"Cette tragédie, ce génocide a marqué malheureusement le début de la triste série des catastrophes immenses du siècle dernier", s'est exclamé le pape, qui s'adressait au premier jour de sa visite en Arménie au président Serge Sarkissian, à la classe politique et au corps diplomatique.
Le mot ne figurait pas dans son texte distribué à l'avance. Il l'avait prononcé une première fois au Vatican en avril 2015, déclenchant alors la colère d'Ankara.
"Il est tellement triste que dans celui-là et les deux autres (la Shoah et les massacres du stalinisme, qu'il avait cités en 2015), les grandes puissances regardaient ailleurs", a encore dénoncé le pontife.
"Ces effroyables catastrophes du siècle dernier ont été rendues possibles par d’aberrantes motivations raciales, idéologiques ou religieuses, qui ont enténébré l’esprit des bourreaux au point qu’ils se sont fixés le dessein d’anéantir des peuples entiers", a-t-il poursuivi.
Le chef de l'Eglise apostolique arménienne, le Catholikos Karekine II, en le recevant dans sa cathédrale d'Etchmiadzin près d'Erevan, puis le président, avaient tous deux évoqué devant lui le "Grand mal" de 1916/17 comme un "génocide".
Le Vatican avait évité de prononcer le mot "génocide" depuis que le pape l'avait utilisé dans la basilique Saint-Pierre en avril 2015.
La Turquie récuse ce terme pour les massacres de 1915/16 qui auraient fait 1,5 million de victimes sous l'Empire ottoman et affirme que les victimes, dans le cadre d'une guerre civile, ont été moins nombreuses et étaient aussi bien turques qu'arméniennes.
Le pape a "rendu honneur au peuple arménien, qui, même dans les moments les plus tragiques de son histoire, a toujours trouvé dans la Croix et dans la Résurrection du Christ la force de se relever et de reprendre le chemin avec dignité".
Jorge Bergoglio a souligné que ces dangers restent actuels : "ayant devant nos yeux les résultats néfastes auxquels ont conduit, au siècle dernier, la haine, le préjugé et le désir effréné de domination, je souhaite vivement que l’humanité sache tirer de ces tragiques expériences la leçon d’agir avec responsabilité et sagesse pour prévenir les dangers de retomber dans de telles horreurs".

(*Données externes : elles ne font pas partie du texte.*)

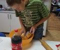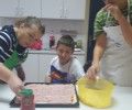 Učenici su sami obavili kupovinu u sklopu koje su odradili i sat matematike… Nije lako zbrojiti sve cijene, skupiti novce i prebrojati ostatak… Školsku čajnu kuhinju preplavili su mali kuhari u šarenim pregačama… Glavni chef Petar razvlačio je tijesto, Mladen je ribao sir, Anđela je mazala ketchup i prala suđe… Za čas se školom proširio miris slasne domaće pizze… Mali kuhari primali su posjete u svojoj kuhinji. Sljedeći zanosni miris u posjete su nam redom dolazili; osmaši, sedmaši, prva susjeda računovotkinja Stela, ravnateljica, tajnica… Treba naglasiti da su mali kuhari za sobom ostavili savršeno urednu kuhinju i oprano sudje! I na kraju zasluženo mali kuhari su marendali svoj specijalitet… Našao se tu i koji komad viška za goste po njihovom izboru… Tako su u slasnim komadima pizze uživali ravnateljica, tajnica i omiljena nastavnica Žana… A kako je to izgledalo iz prve ruke pogledajte sami… Nažalost gotovu pizzu nismo slikali… Nismo stigli… Kad smo se sjetili već je bilo kasno… Toliko je bila dobra…. Do sljedećeg puta pozdravljaju vas školski 3, 2, 1 kuhaj tim!

- Martyrs d'hier et d'aujourd'hui -
"Les chrétiens en particulier, comme et peut-être plus qu’au temps des premiers martyrs, sont discriminés à certains endroits et persécutés pour le seul fait de professer leur foi", a-t-il une nouvelle fois dénoncé, faisant allusion notamment au Moyen-Orient.

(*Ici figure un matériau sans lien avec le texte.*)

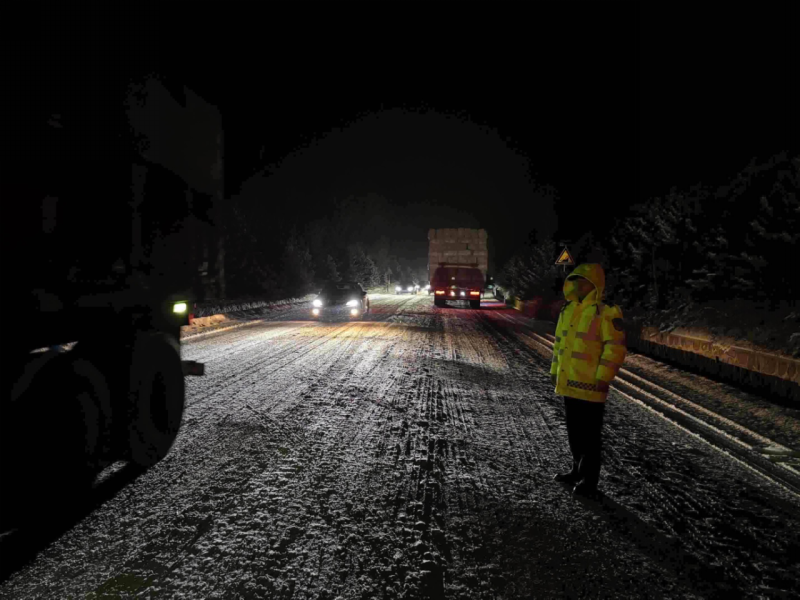 在省道105线陡坡、弯道、桥梁等关键路段,积雪结冰导致车辆滞留、通行缓慢。交管大队实时研判路况,将警力向国省道倾斜,在拥堵易发段、事故多发点设立临时执勤点,实行24小时动态值守,构建起全链条、网格化的疏导管控体系。

Dans un pays où moins de 10% des habitants sont catholiques romains et les autres de rite oriental, le pape est perçu comme le meilleur avocat face à Ankara.
Depuis le pape Benoît XV, qui avait écrit trois fois au Sultan pendant la Première guerre mondiale pour faire stopper les massacres, le Saint-Siège a toujours été attentif au drame des Arméniens. Jean Paul II avait signé avec Karékine II en 2001 une déclaration condamnant le "génocide".
Samedi, le pape François se rendra au mémorial de Tsitsernakaberd, consacré à cette tragédie.
Selon l'Institut national arménien, 27 Etats ont déjà reconnu le génocide, notamment l'Allemagne, la France, la Russie, les Etats-Unis et le Vatican.
Le pape veut profiter de sa visite sur cette terre de martyrs pour mettre l’accent sur les persécutions et les réfugiés d'aujourd'hui. Il encouragera la vitalité de la foi chrétienne dans cet Etat reconstitué il y a seulement 25 ans, où les fidèles ont été persécutés "durant les années sans Dieu de l'époque soviétique", comme l'a rappelé le Catholikos Karékine.
Dans l'avion qui l'emmenait dans ce quatorzième voyage à l'étranger, François a aussi réagi au Brexit : il a appelé à la "responsabilité" de tous les Européens pour "garantir le vivre ensemble", après que "la volonté du peuple" se fut exprimé dans le vote historique britannique en faveur d'un retrait du Royaume-Uni de l'Union européenne.